» **Task brief**:
Omitting every picture, copy the lines from the one that contains "how the backrest" through the last line of the records below, exactly and with nothing added.

» **The records**:
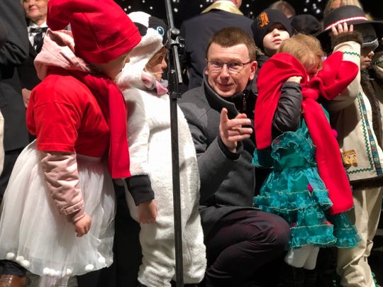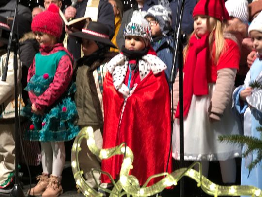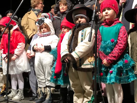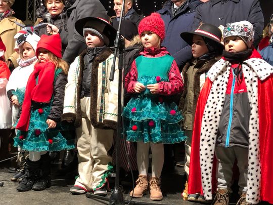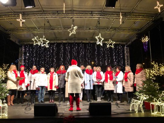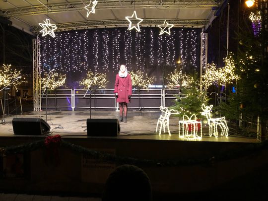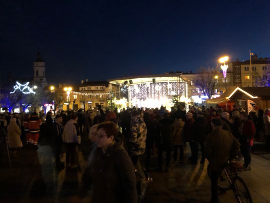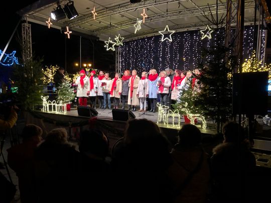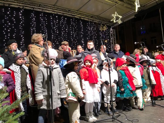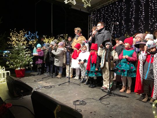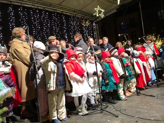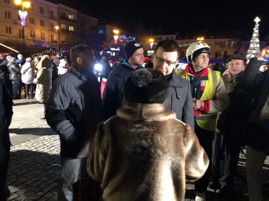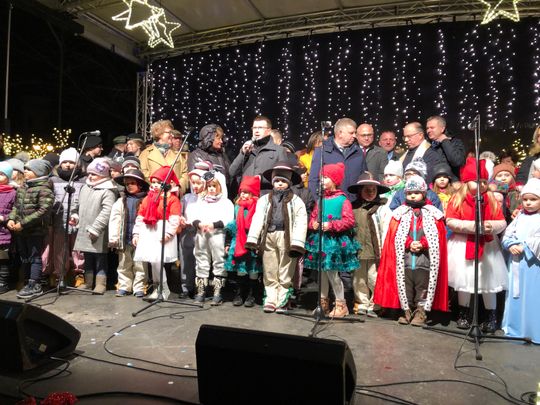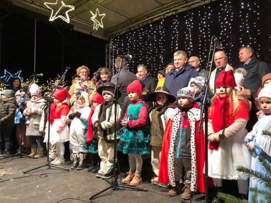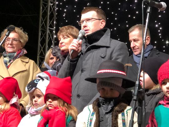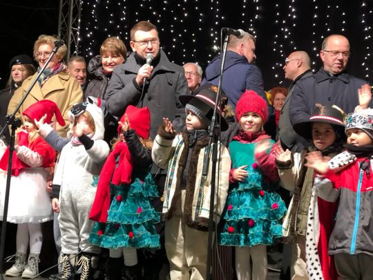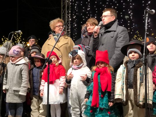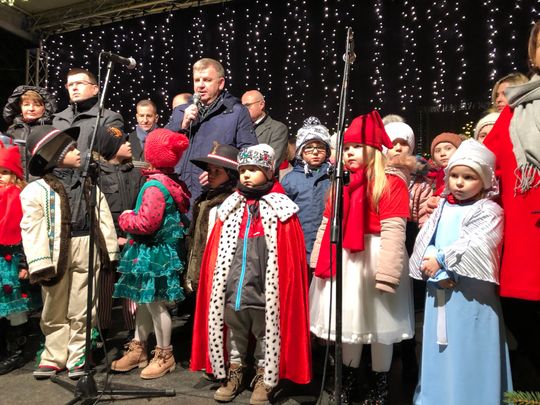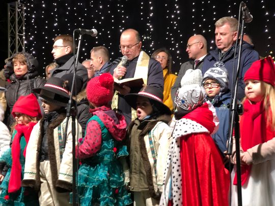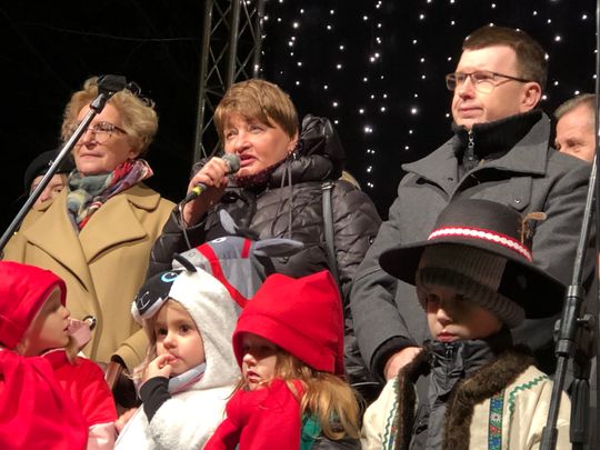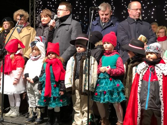 Przy rozświetlonej choince i iluminacjach świątecznych ze sceny życzenia mieszkańcom Ostrowca i powiatu złożyli: prezydent miasta Jarosław Górczyński, starosta ostrowiecki Marzena Dębniak, senator Jarosław Rusiecki, przewodnicząca Rady Miasta Irena Renduda-Dudek, błogosławieństwa na Święta i cały 2020 rok udzielił ksiądz prałat Jan Sarwa, proboszcz parafii Świętego Michała Archanioła.
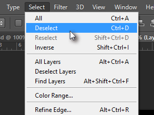 Pobrišite selekcijo tako, da kliknete na Select in izberite Deselect.
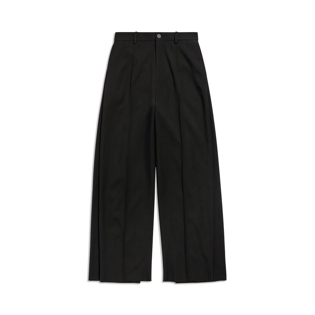 Double Front Pants in black dry wool twill are from looks 1 and 2 of Balenciaga's Winter 23 Collection. PRODUCT DETAILS • Dry wool twill • This item is unisex • Large fit • Double front effect, 1 side slit long panel attached • Mid-waist • Covered zip fly • 6 belt loops • 2 slash pockets • 1 buttoned pocket at back • Pleated leg • Made in Italy • Dry cleaning • The model is wearing a size S Material: 100% virgin wool
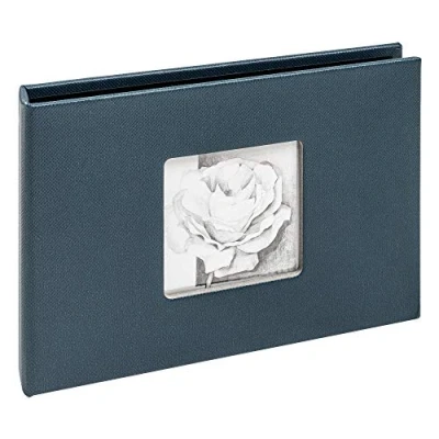 High quality mini album with hard cover paper cover With square image cut-out 6 x 6 cm on the front for a personal photo With black pages for 12 photos in landscape format 10 x 15 cm Choice of colours: black, blue and grey
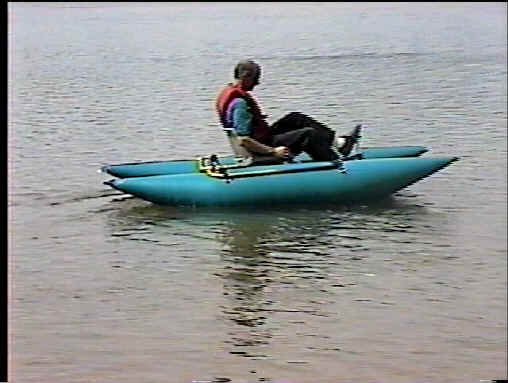 how the backrest is used to steer the hinged hulls - no rudder! |
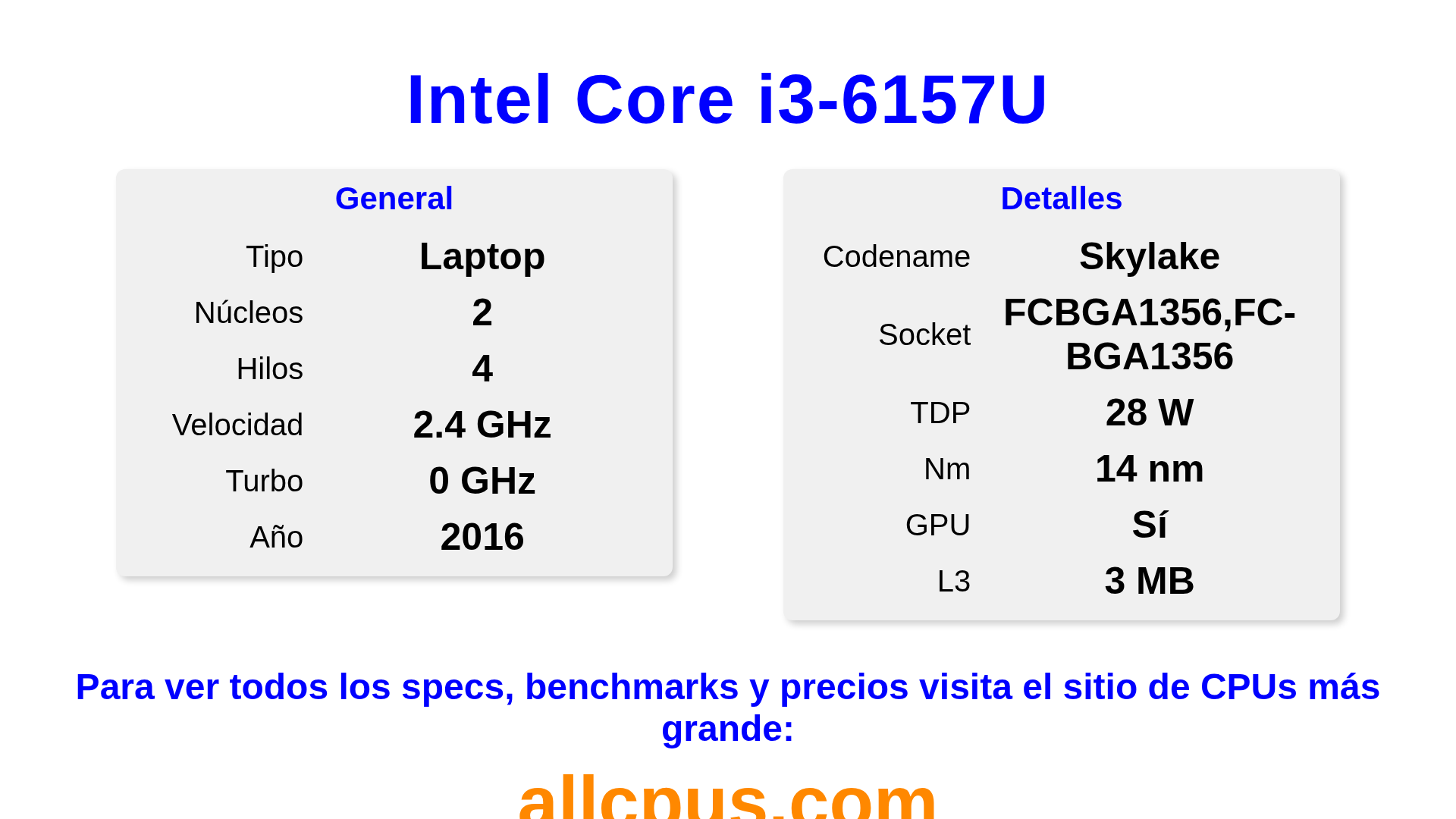 El Intel Core i3-6157U es un procesador portátil de Intel de la gama Intel Core, basado en la arquitectura Skylake y lanzado en 2016. Esta CPU cuenta con 2 núcleos, una frecuencia base de 2400 MHz, una frecuencia turbo máxima de 0 MHz y 3 MB de caché L3. Fabricado usando tecnología de proceso de 14 nm.El Intel Core i3-6157U está diseñado para el socket BGA1356,FC-BGA1356. Incluye gráficos integrados Intel® Iris® Graphics 550.
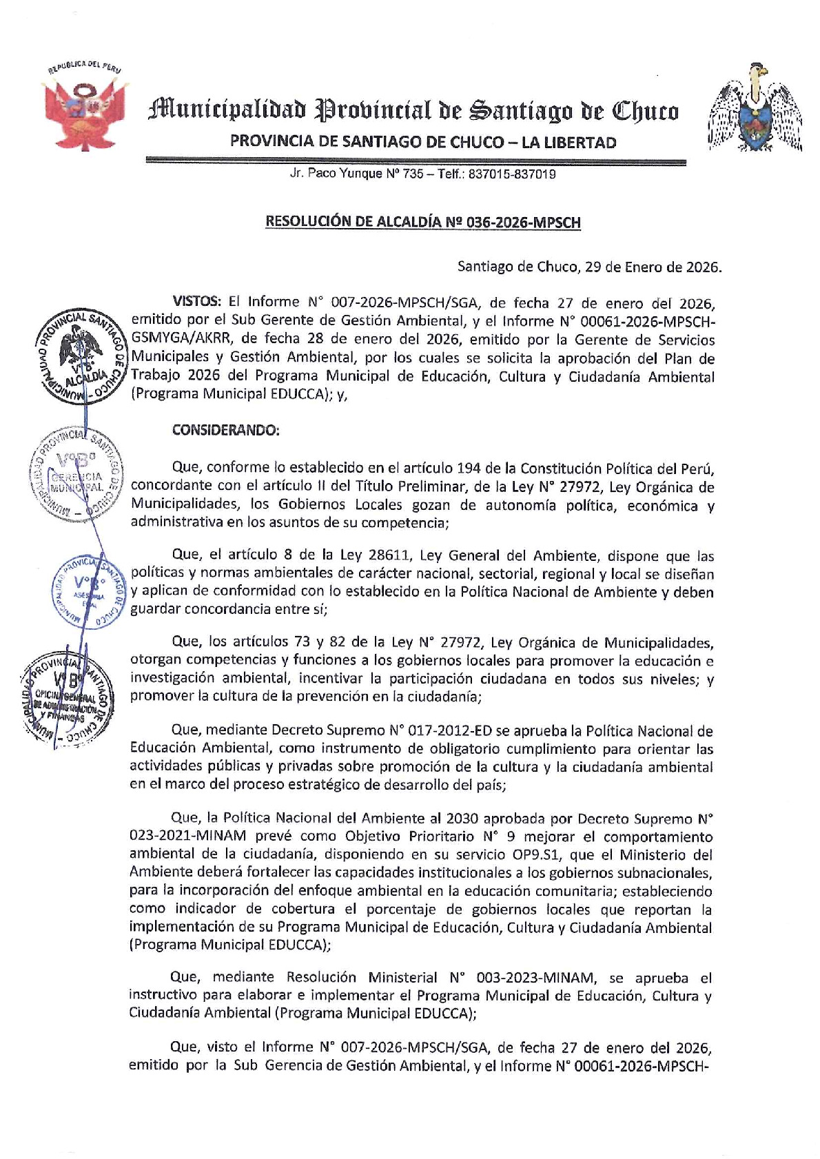 La presente Resolución de Alcaldía aprueba el Plan de Trabajo 2026 del Programa Municipal de Educación, Cultura y Ciudadanía Ambiental de la Municipalidad Provincial de Santiago de Chuco (La Libertad), con la finalidad de definir las actividades de educación, cultura y ciudadanía ambiental que se desarrollarán en la localidad durante el presente año.

» **Response**:
 how the backrest is used to steer the hinged hulls - no rudder! |
 El Intel Core i3-6157U es un procesador portátil de Intel de la gama Intel Core, basado en la arquitectura Skylake y lanzado en 2016. Esta CPU cuenta con 2 núcleos, una frecuencia base de 2400 MHz, una frecuencia turbo máxima de 0 MHz y 3 MB de caché L3. Fabricado usando tecnología de proceso de 14 nm.El Intel Core i3-6157U está diseñado para el socket BGA1356,FC-BGA1356. Incluye gráficos integrados Intel® Iris® Graphics 550.
 La presente Resolución de Alcaldía aprueba el Plan de Trabajo 2026 del Programa Municipal de Educación, Cultura y Ciudadanía Ambiental de la Municipalidad Provincial de Santiago de Chuco (La Libertad), con la finalidad de definir las actividades de educación, cultura y ciudadanía ambiental que se desarrollarán en la localidad durante el presente año.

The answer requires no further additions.